Yes, I had read that right...

So I replied and said that it wasn't going to happen due to it being A MASSIVE SECURITY HOLE, and would end up leaving our company liable if anyone exploited the hole...


I then received an apologetic reply...

But they'd used remote access and DID IT THEMSELVES ANYWAY!

As I reversed their actions, I did ponder just when the hell they were going to tell me about the big gaping hole they'd left..

Needless to say, they no longer have remote access, and their FTP access has been locked down very much tighter..

Just goes to show, even if someone has many years of experience, it doesn't stop them being utterly, utterly stupid!


Oh, and the people who used the admin section of that website didn't care about the spellchecker anyway!

[badass]

Yup, that was pretty much my response today in reply to something someone emailed to me..

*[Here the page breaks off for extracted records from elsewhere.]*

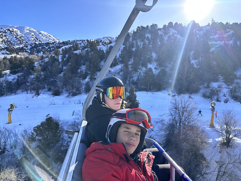 We had a nice Christmas morning with breakfast delivered to the chalet and a few hours of skiing. We only bought lift tickets for the bottom half of the mountain due to the thin snow cover and icy conditions above the snow-making machines. I needed to concentrate with lots of ice patches on the snow. Breakfast was delicious, I love Central Asian porridge. The best thing about the trip was just spending time with the kids. Driving back home reminded us all the road trips we used to take when we were younger.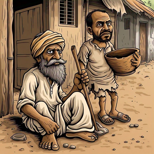 அந்த ஏழை, தெருவில் பிச்சைக்காரர்கள் யாராவது வந்தால், அவர்களை அடித்து விரட்டாமல், செல்வந்தர் வீடுகளைத் தனது ஆள்காட்டி விரலால் அடையாளம் காண்பித்து, அந்தப் பிச்சைக்காரர்களுக்கு உதவி செய்து வந்தான்.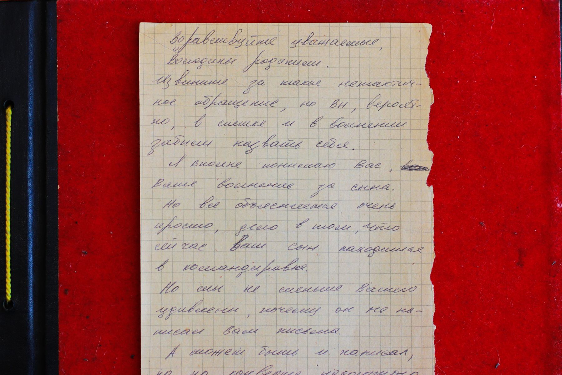 «Почему от вас нет писем уже больше двух недель? У нас появился молодой, вместо Мишки. Сейчас тоже учится, вникает. Стало холодно, постоянно туманы. Хорошо, что батареи постоянно топят. Мамуля, напиши, где теперь работаешь? Как у вас насчет снега? Здесь его вообще нет». (…)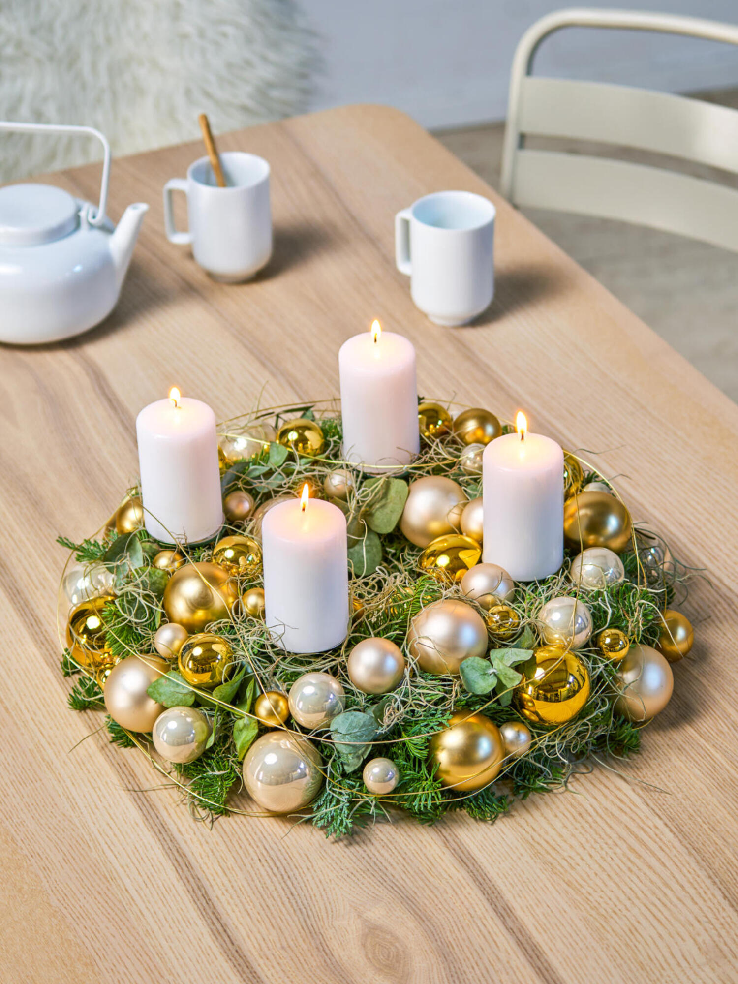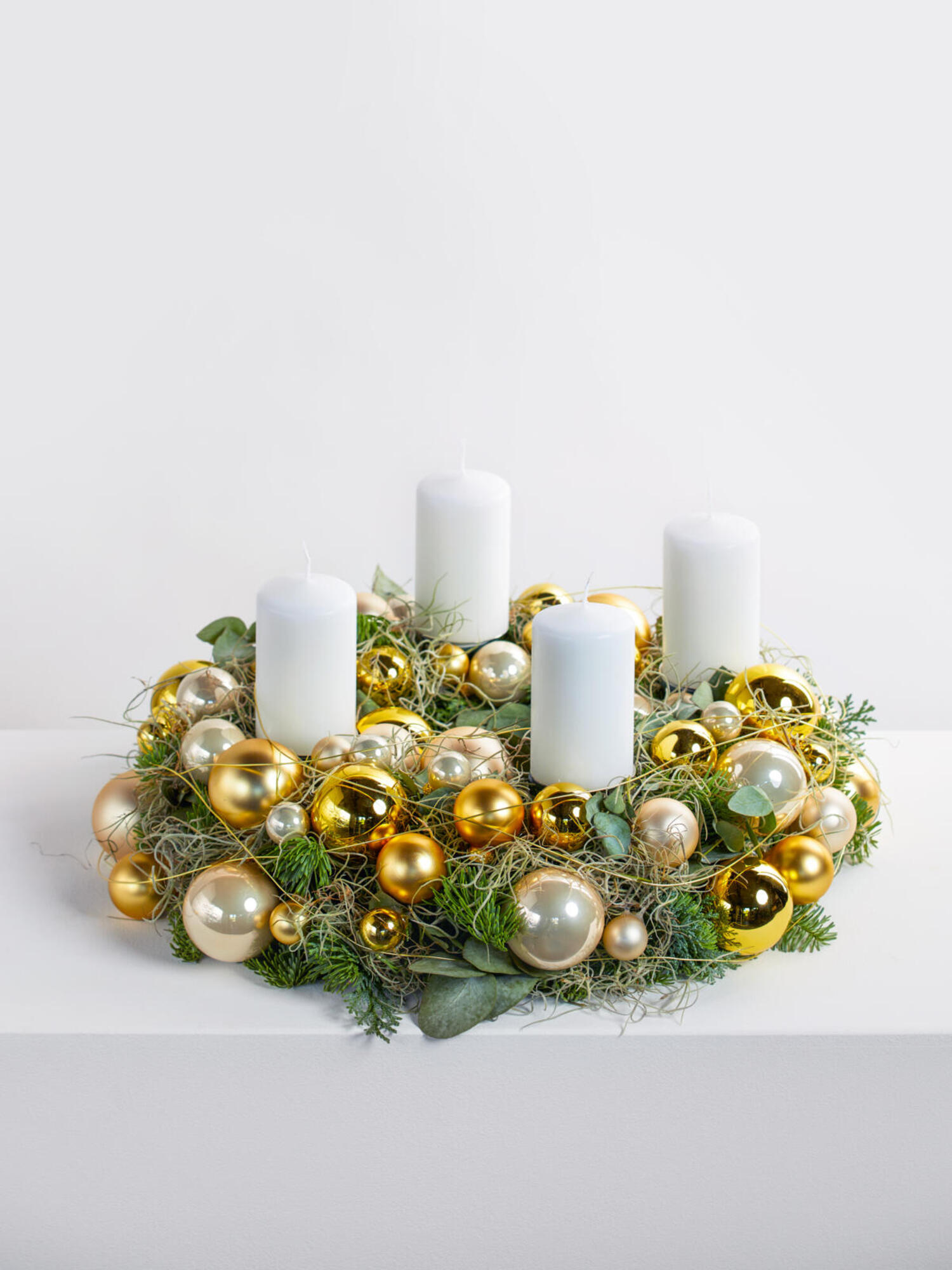 Runder Adventskranz aus Konifere mit vier weißen Stumpenkerzen, goldenen und cremefarbenen Weihnachtskugeln aus Glas, Golddraht, Eukalyptus und Tillandsia. Außendurchmesser ca. 40 cm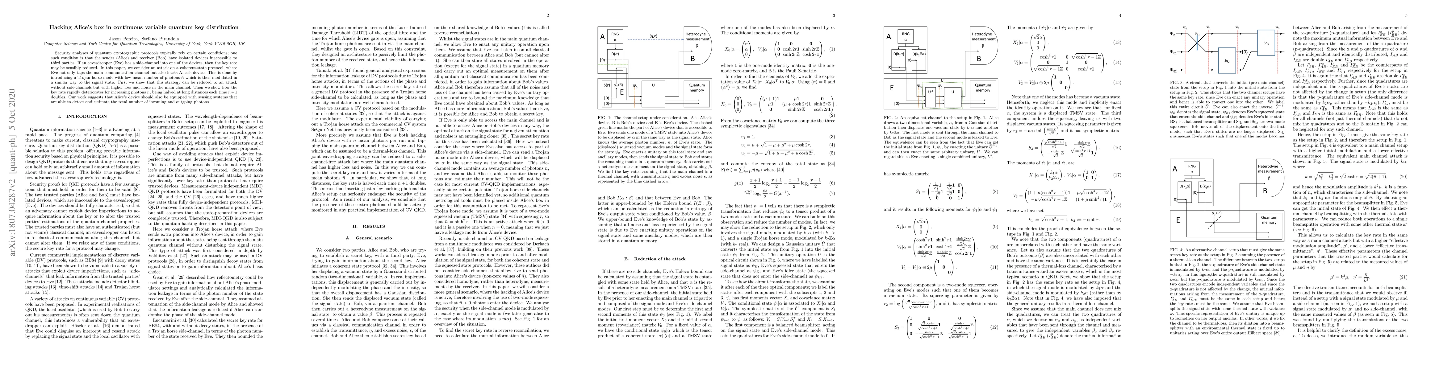 This paper explores a side-channel attack on a coherent-state quantum key distribution (CV-QKD) protocol where Eve hacks Alice's device by introducing a Trojan horse mode. The study shows that the key rate significantly deteriorates with increasing photon numbers, suggesting the need for photon-counting systems in Alice's device.
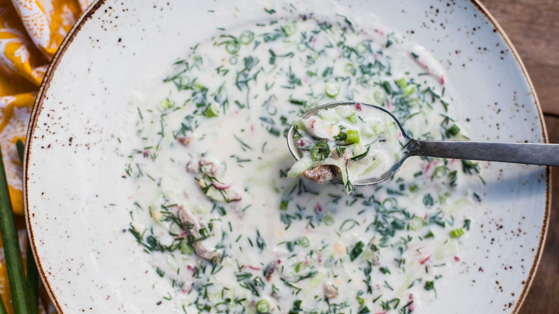Отвариваете мясо щуки, а из трухи, костей и головы — бульон. На бульоне не всплывает жир. Когда вы его остужаете, мешаете 50 на 50 с квасом тем или иным, темным или светлым кислым, и потом уже добавляете все остальные ингредиенты, а также кусочки отварной щуки.

But first, lets reverse a little..

Okay, I'm pretty much looking after the company webserver at the moment, we'd just moved one of the other websites in the group over to our server for more central administration etc.

The previous company who wrote all the interface etc is one we've worked with for many years on and off, so we let them use remote access to do the setup etc, all this went hunky-dory, and the site went live..

Only they'd missed a couple of bits out from the administration part of the website, so they asked me to do a couple of things...

1) Buy and install a file upload system (Yeah, I know, but apparently rewriting the back end to use the standard asp.net file uploading routines was too much work as it was all customised etc..

2) install a spellchecker script...

Number 2 is where my response in the title comes in...

Okay, so I need to install the PHP interpreter for IIS, which is no big deal, and install the spellchecker scripts, fine too..

Then I read further down the email, and did a double-take:



Buh?!?!

Yes, I had read that right...

So I replied and said that it wasn't going to happen due to it being A MASSIVE SECURITY HOLE, and would end up leaving our company liable if anyone exploited the hole...


I then received an apologetic reply...

But they'd used remote access and DID IT THEMSELVES ANYWAY!

As I reversed their actions, I did ponder just when the hell they were going to tell me about the big gaping hole they'd left..

Needless to say, they no longer have remote access, and their FTP access has been locked down very much tighter..

Just goes to show, even if someone has many years of experience, it doesn't stop them being utterly, utterly stupid!


Oh, and the people who used the admin section of that website didn't care about the spellchecker anyway!

Errrrrrm land on them like a tonne of bricks!
No one should **** with your security like that.


Absolute morons. Give them a slap!

[TheAnimus]

clue in there, anything around PHP = read the config files because its probably a gaping hole.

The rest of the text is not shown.